The unprimed velocity vector [Vx,Vy,Vz] is the sun-relative velocity in ecliptic coordinates.

So, if I understand your question, you aren't asking where is YU55 now. You are asking about the orbit of YU55. Orbits are specified by several elements, which look like this for YU55:



Eccentricity, e = 0.4305689708415769

Periapsis distance, q = 0.6590704071267676 AU

Time of periapsis = 2455814.857873864 day number (2011 September 10 08:35:20.0 UT)

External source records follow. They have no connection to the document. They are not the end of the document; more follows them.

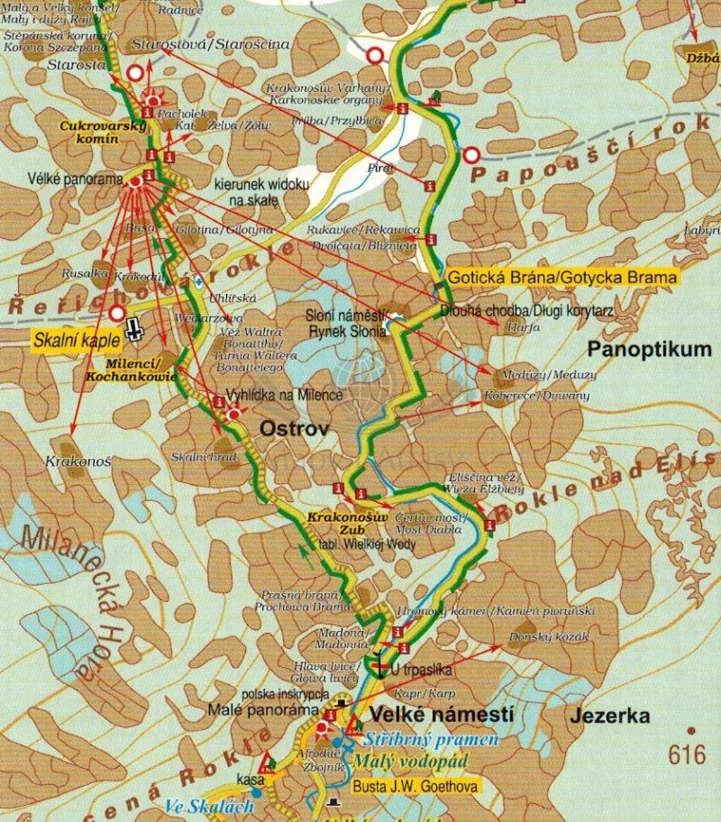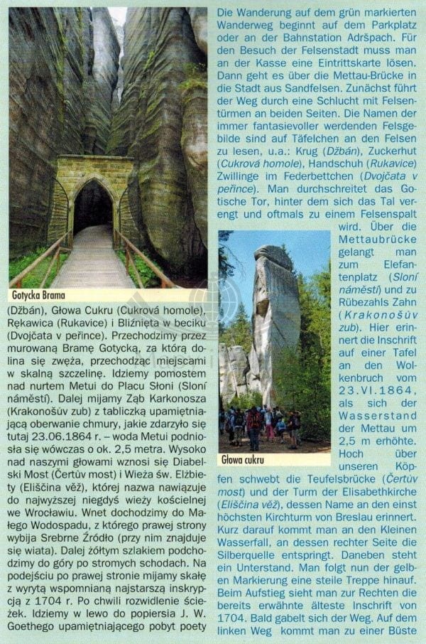 Publikacja zawiera szczegółowe schematy każdego ze Skalnych Miast wraz z prowadzącymi przez nie trasami turystycznymi:
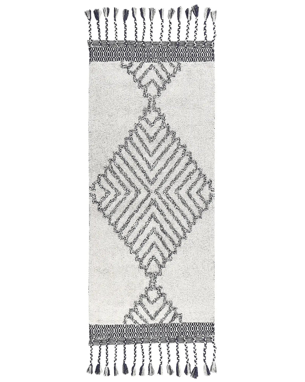Area Rug White and Black Cotton 80 x 150 cm Rectangular with Tassels Geometric Pattern Handwoven Modern Boho Style Living Room Bedroom Beliani
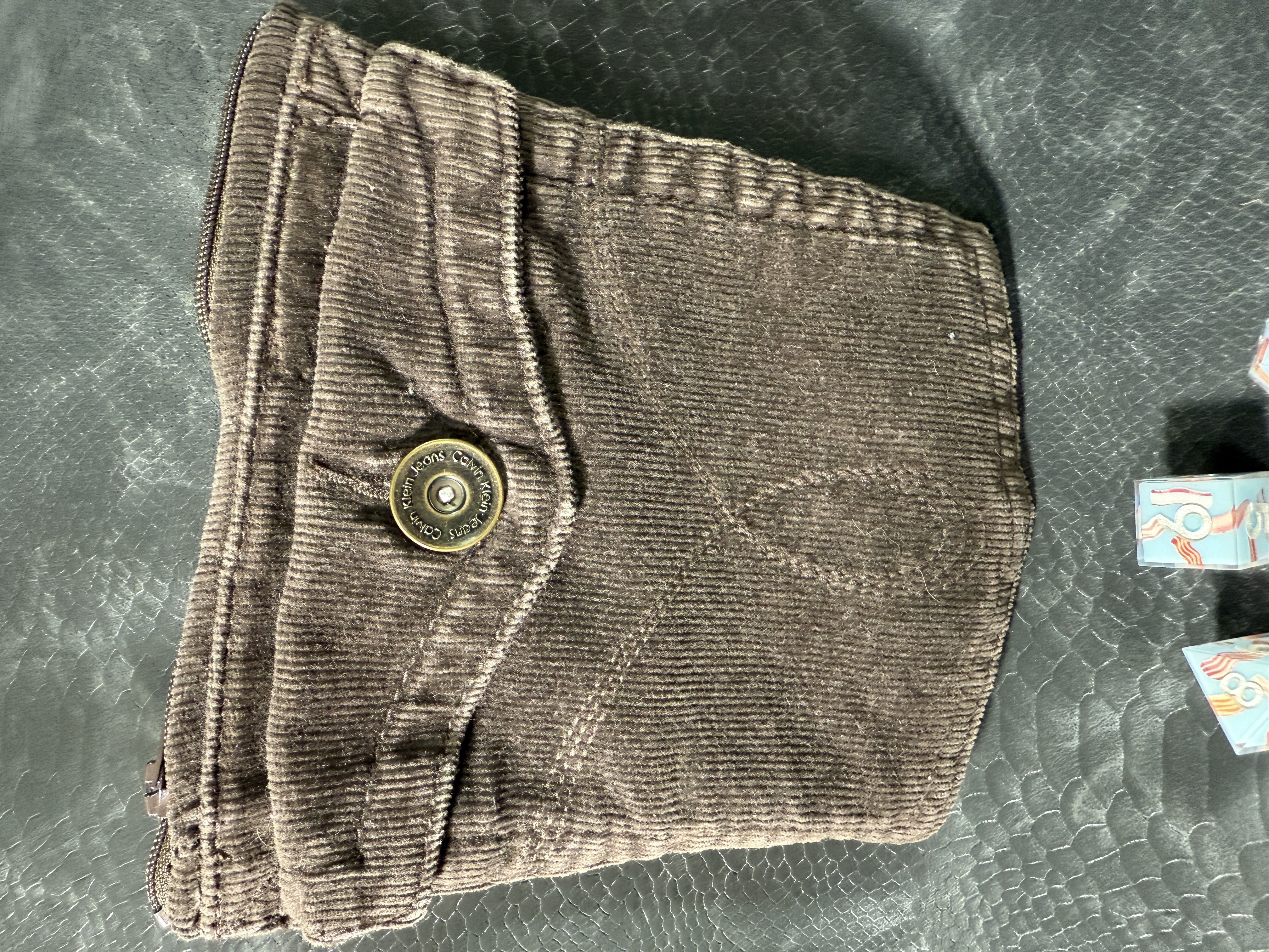 • Hand-stitched pouch crafted from the pocket of reclaimed corduroys
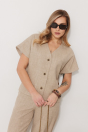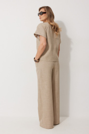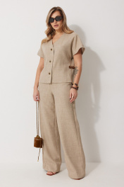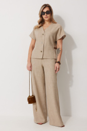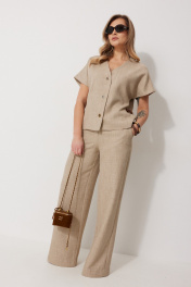 Костюм женский, состоящий из жилета и брюк. Жилет прямого силуэта на подкладке со спущенной линией плеча длиной до линии бедра. Спинка с центральным швом. Горловина V-образной формы обработана подбортом с обтачкой. Застежка жилета центральная на декоративные пуговицы. Брюки женские, прямого силуэта. По переду обработана застежка на молнию. Карманы наклонные с отрезным бочком. На задних половинках брюк застрочены вытачки. Верх обработан широким притачным поясом (частично на резинке), застегивающимся на петлю и пуговицу Длина спинки жакета 61 см, длина рукава 34 см, длина брюк по боковому шву 109 см.
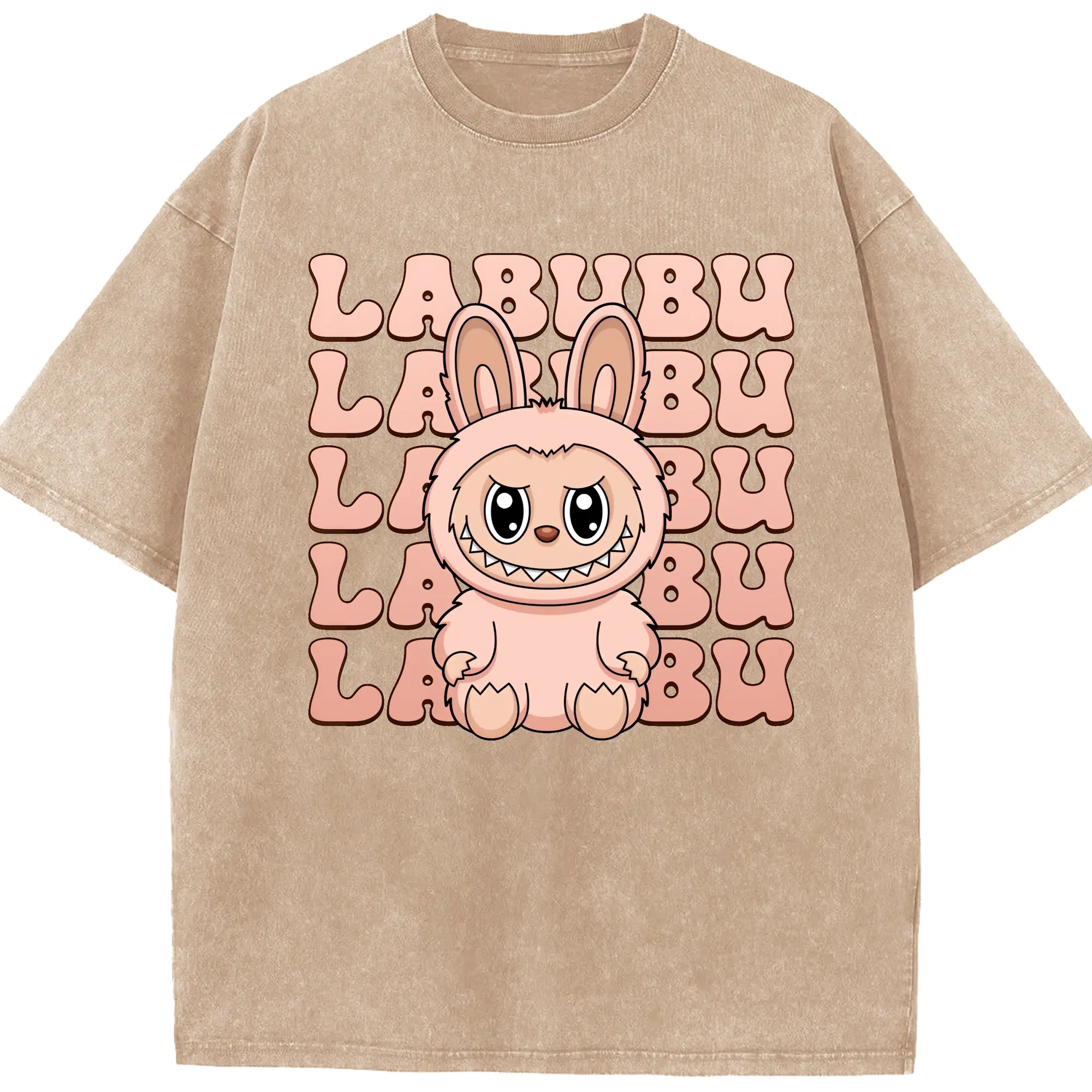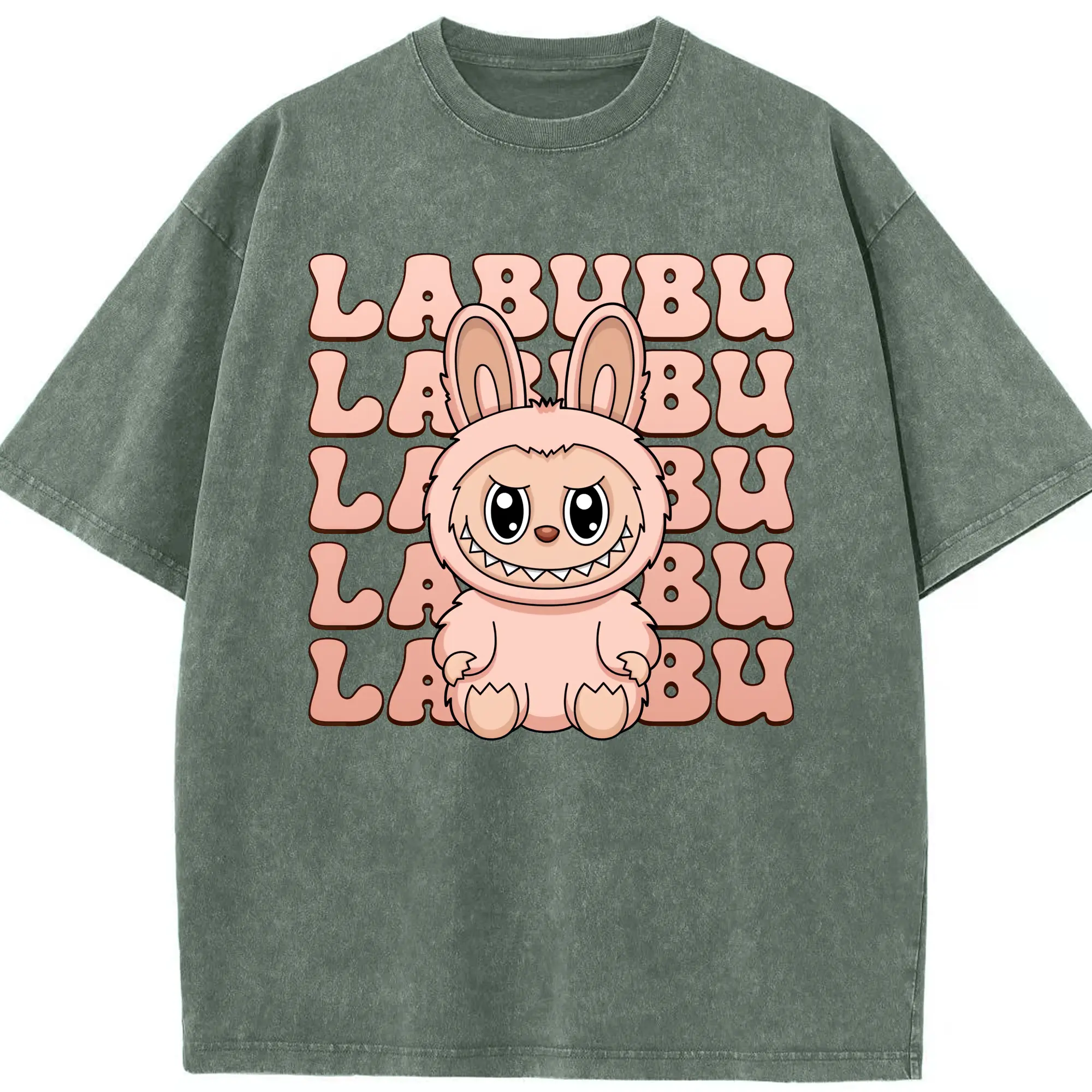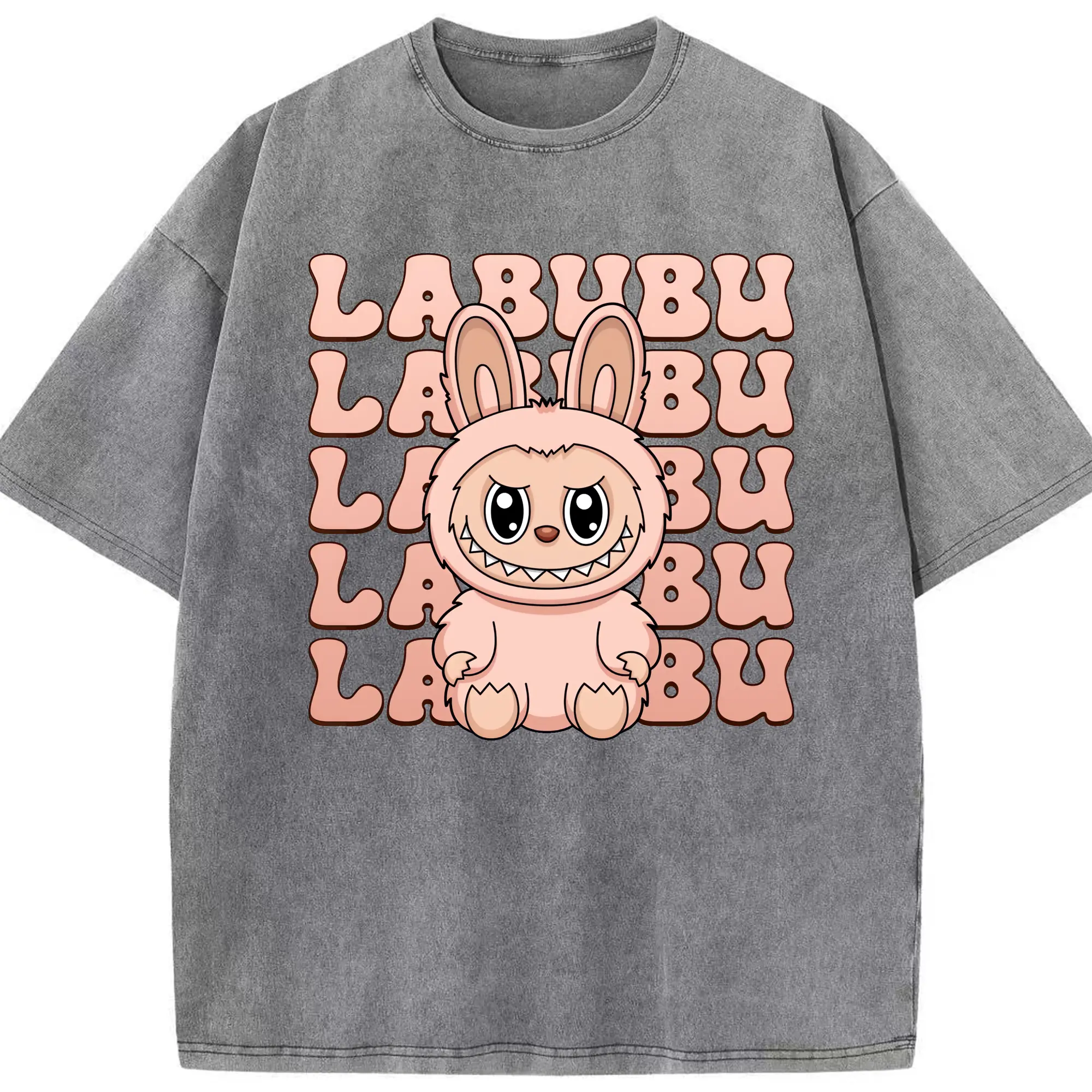 ラブブ グッズ ラブブ - 綿100% ヴィンテージ風 半袖Tシャツ ・ 背面プリント ・ 柔らか肌触り ・ 通気性 快適 ・ スポーツ カジュアル 外出用
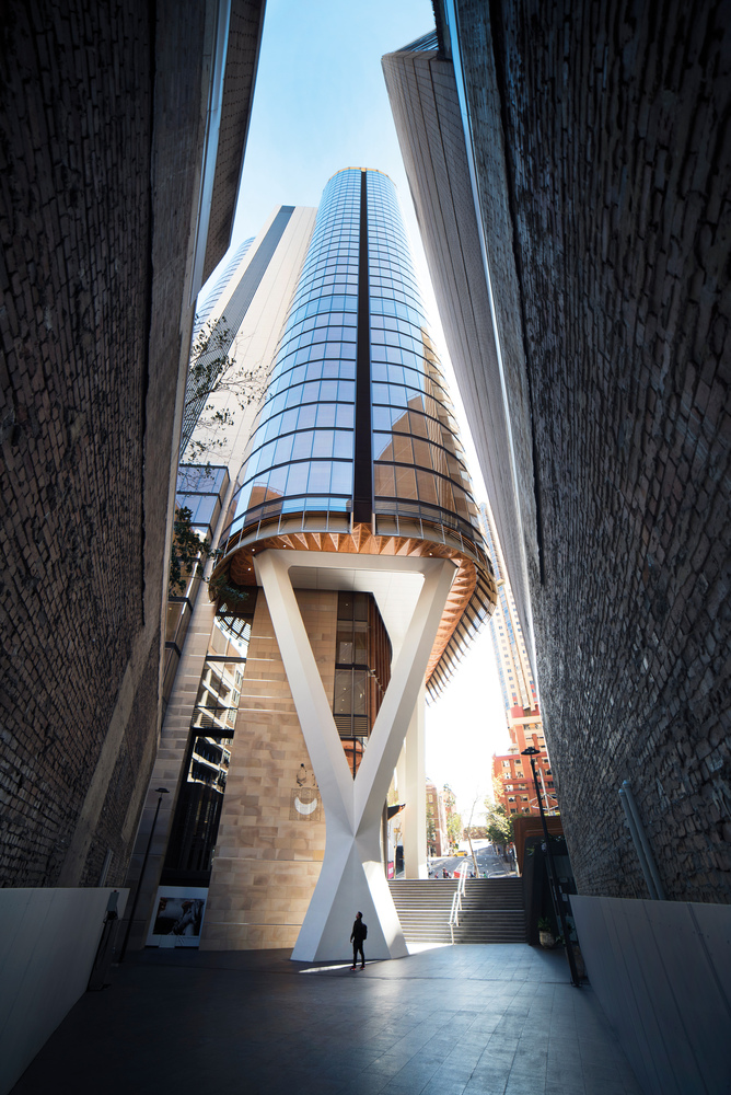 At the heart of this project is both workplace design and city making. We have sought to make a building that reinterprets and honours the uniqueness and history of this place, positioned at the edge of Sydney’s Tank-Stream (the first water source of the colony of New South Wales). We envisaged a different type of city tower; warm, human and responsive, to create a healthy and sustainable workplace.
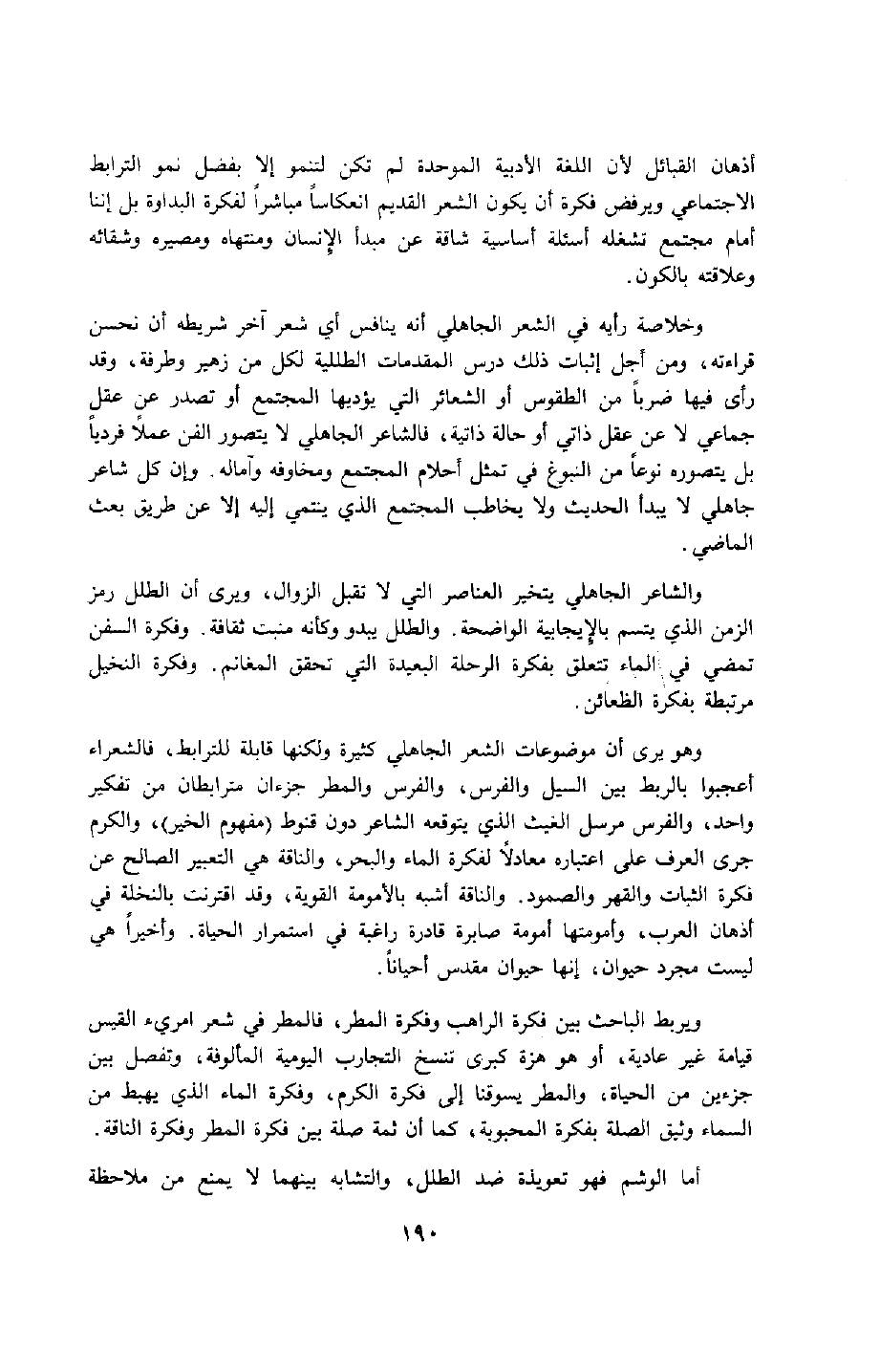 أذهان القبائل؛ لأن اللغة الأدبية الموحدة لم تكن لتنمو إلّا بفضل نمو الترابط الاجتماعي, ويرفض فكرة أن يكون الشعر القديم انعكاسًا مباشرًا لفكرة البداوة, بل إننا أمام مجتمع تشغله أسئلة أساسية شاقة عن مبدأ الإنسان ومنتهاه ومصيره وشقائه وعلاقته بالكون.

Longitude of Ascending Node, OMEGA = 35.9247292028356 degrees

Argument of Perifocus, w = 273.5858694775293 degrees

inclination w.r.t xy-plane, i = 0.340954698062493 degrees

Semi-major axis, a = 1.157419201585879 AU

Mean anomaly, M = 51.16626097970214 degrees

Apoapsis distance = 1.655767996044991 AU

Orbital period = 1.24521 years

Mean motion, n = 0.79153122 degrees / day

True Anomaly, nu = 101.1396419605698 degrees

The orbital parameters are described here:

http://ssd.jpl.nasa.gov/sbdb.cgi?sstr=2005%20YU55&orb=1

I'll betcha anything it's elliptical, and one of the foci is the sun. The orbit goes just outside Mars', and between Mercury and Venus.